We’ve now been Wongaling Beach residents for 17 months, watching our “garden birds” list slowly increase as we planted more shrubs and flowers. The garden has slowly changed from lawn, palms and heliconias (seems to be the default for the area) to something more attractive to birds, reptiles and bandicoots (of course), with more native flowers and fruit. Twenty-eight bird species were on our garden list, which did include those travelling in the airspace above – such as osprey and kites.
We have since added Barred Cuckooshrike, Eastern Koel and Leaden Flycatcher to our list – species that we had not previously seen in the area before (though have heard koels). Most mornings the cuckooshrikes have been moving through the big paperbarks along the creek behind us, gathering what look like caterpillars. Does this mean that some species have been forced to go farther afield for food?
The koels have been the most entertaining. Both are immature – one is a young male and the other a female. They arrived on the 29th March and as of the 4th April are still here, feeding each day on ripe palm fruit by our verandah, climbing around the cyclone-damaged fronds like parrots. The male announces his presence upon arrival and is quite fearless of people peering at him from a distance of a few metres.
There are still some “missing” garden birds but I am sure they will return as the forest regrows.
I thought it would be good to add Helens account as a newcomer to Mission Beach from the beginning so here is an earlier account..... Ed
SIX MONTHS IN MISSION BEACH
Today is May Day and we have been in Wongaling Beach for exactly six months now – after driving down from Darwin to become “retired” beach people in Queensland. It has taken us most of that time to adjust to the idea that we live here
Our house in Darwin sat in the northern suburbs adjoining open woodland and paperbark swamp habitat protected by military land and the airport. Very different to our “new” house here, looking at a sandy beach with regrowth rainforest along a creek line and cattle on the property behind us and national park reserves a few minutes away.
The differences in flora, fauna and ‘people culture’ have been striking. We have been both pleasantly and unpleasantly surprised by things. Our Darwin garden looked like open woodland with exotics such as flame trees (Delonix), an immense traveller’s palm clump (Ravenala), bananas, a mango and five-corners along with many fruiting and flowering local native plants and leaf litter and fronds lay everywhere. Messy, but full of birds and animals.
Our inherited garden here at Wongaling looks like many others around it – lots of boring lawn, heliconias and palm trees and with a mass of self-sown native trees fighting for light and space in a big clump across the front. We are slowly dealing with this – and the skink population has exploded since we started leaving piles of leaf litter and fronds down for them (as a zoologist, I want many creatures in my yard).
The black butcherbird family has discovered the bird bath we installed – one of the joys of this area is having these birds carolling in the garden.
I guess everyone knows the feeling when you first see a wild cassowary close to you – heart in throat and mind amazed at the presence and power of the animal.
For me, it is the same feeling when I encounter a very rare or completely new fish; the word thrilling has been over-used but that’s what it is, a physical thrill.
I have excavated 7 million year old fossils of giant birds such as extinct emus and mihurungs (dromornithids) and as these are extinct, they are somewhat mythical to comprehend.

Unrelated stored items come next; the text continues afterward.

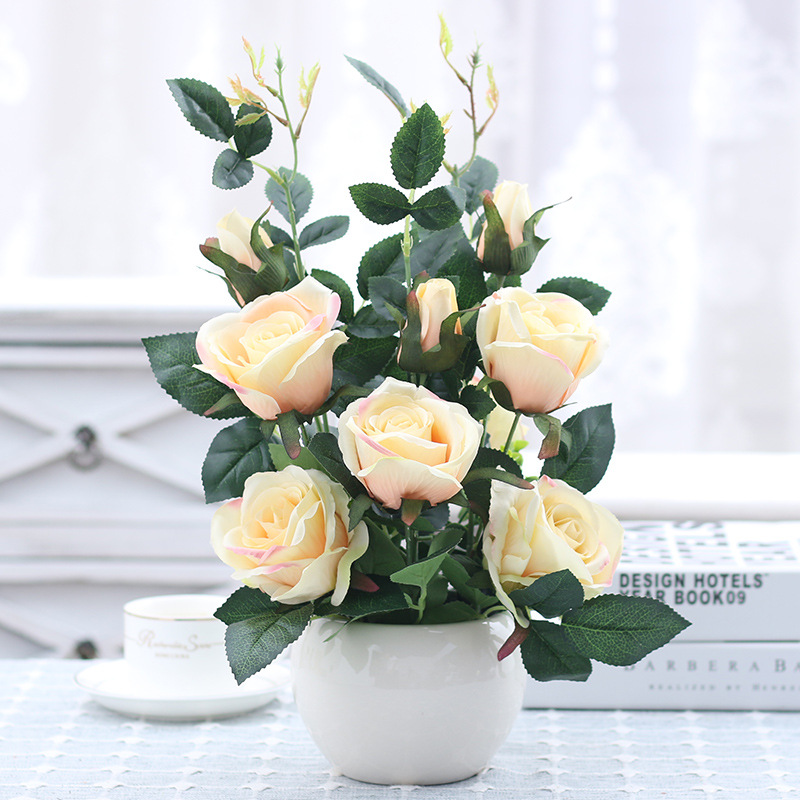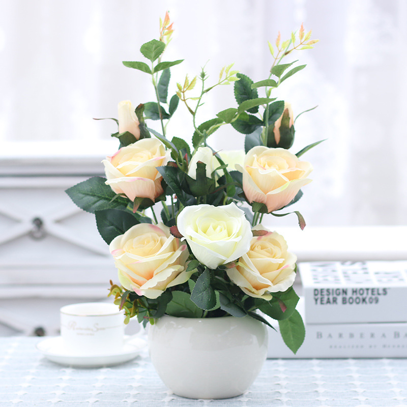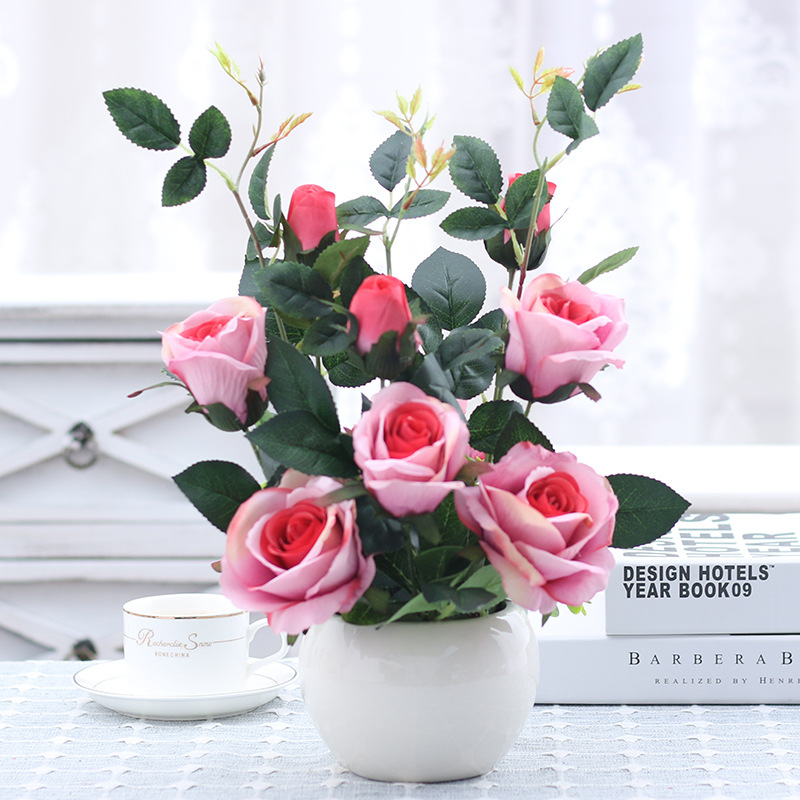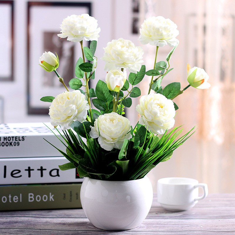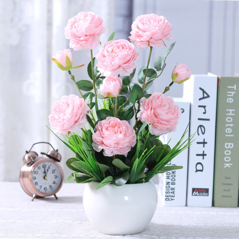 인공 꽃 거실 테이블 장미 꽃꽂이 모란 화분 가짜 꽃 실크 꽃 장식품 냉장고 말린 꽃
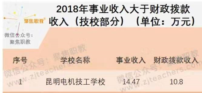 2018年,仅有昆明电机技工学校事业收入超过财政拨款收入.
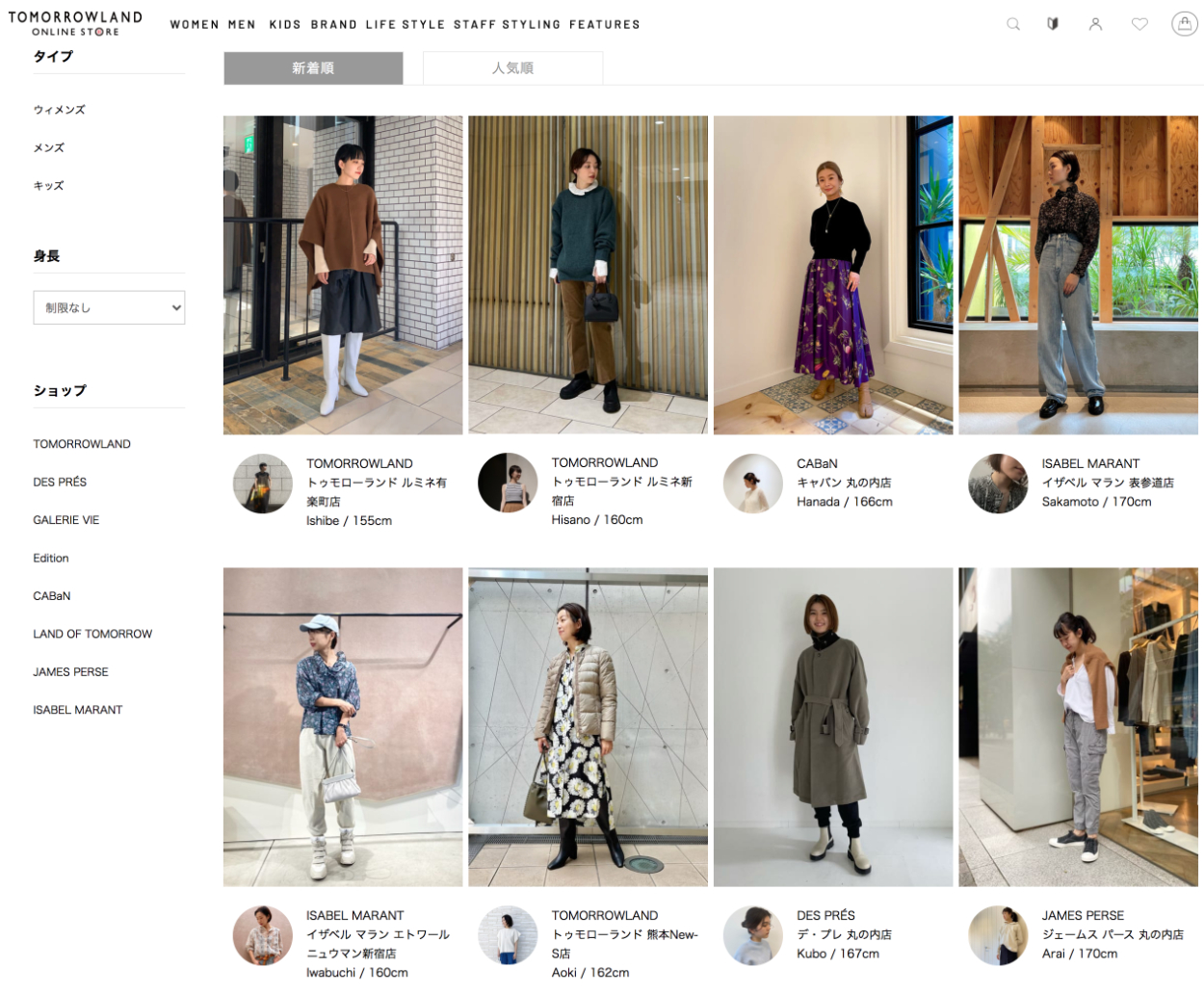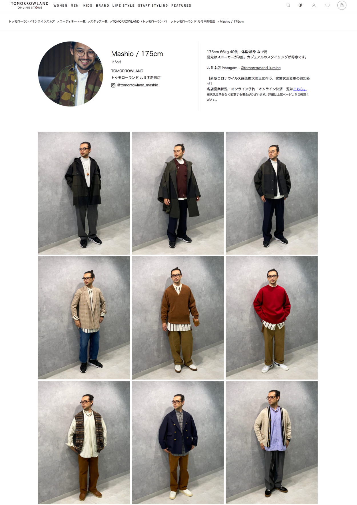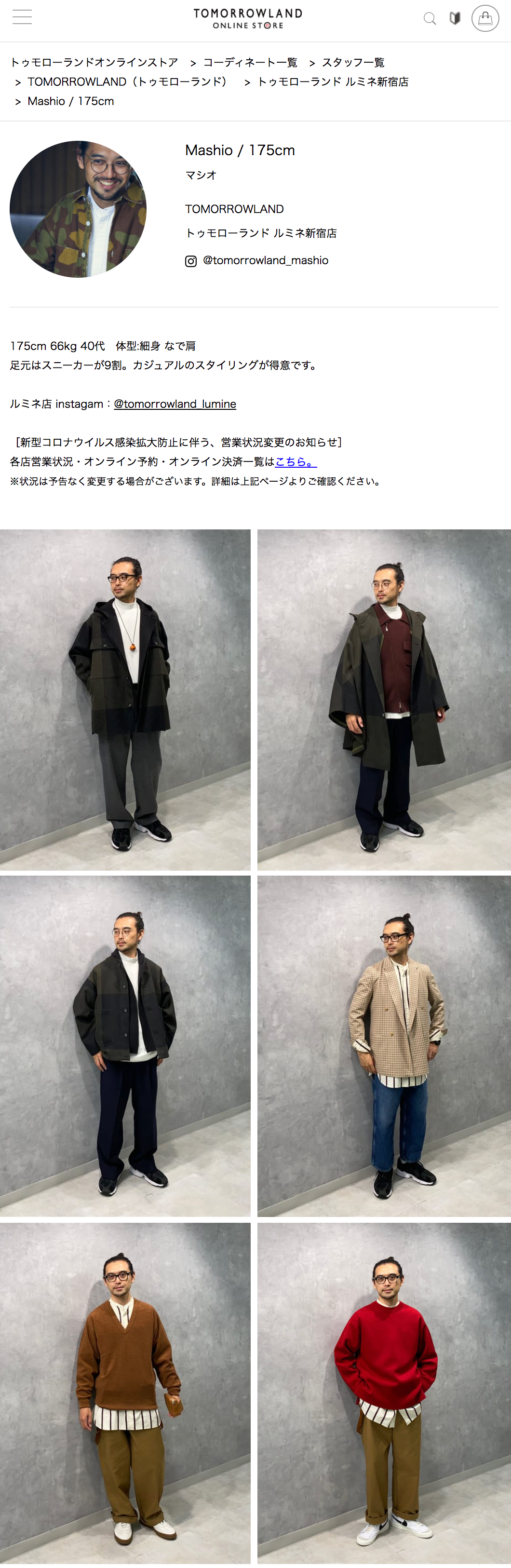 - スタッフ詳細ページ(URL末尾の数字はスタッフIDによる)https://store.tomorrowland.co.jp/coordinate/staffview/31117

The power of the cassowary is such that it has that same mythical quality. We have fallen in love with these prehistoric palaeognaths. And do not want to see them vanish like the mihurungs (if you want to learn about these giant birds and other megafauna, go to www.australianmuseum.net.au/Dromornis-stirtoni as a start, or check out the book Magnificent mihurungs: the colossal flightless birds of the Australian Dreamtime by Peter Murray and Pat Vickers-Rich from the library).
To learn more about the area, its people, the cassowaries and to see if we could help keep Mission Beach in the condition we’d like it to be, we joined C4. We have met an amazing range of people, with backgrounds and skills very different to ours in some ways, and very similar in others. We have learned quickly about community issues and the great range of opinions held about them. We also were amazed at how far some proposed projects have got without what I would consider to be proper process and understanding of potential environmental and social impacts (e.g. Boat Bay).
We discovered why there is so much empty cleared land sitting around, that should have been left vegetated and available as habitat for cassowaries and other creatures and plants. We discovered that the views and opinions of the Traditional Owners do not seem to be highly valued or sought after – very different from the way in the Northern Territory.
All these things can be fixed, given considerable good-will and effort on all sides.
We moved to the Mission Beach area as we wanted to live by the sea again, in a small tropical community that shared our fascination with the idea of living among quiet beaches, intact rainforest, real mountains with clouds sitting on them, hundreds of birds and fast-flowing clear streams full of fascinating fishes all nearby. And here it is.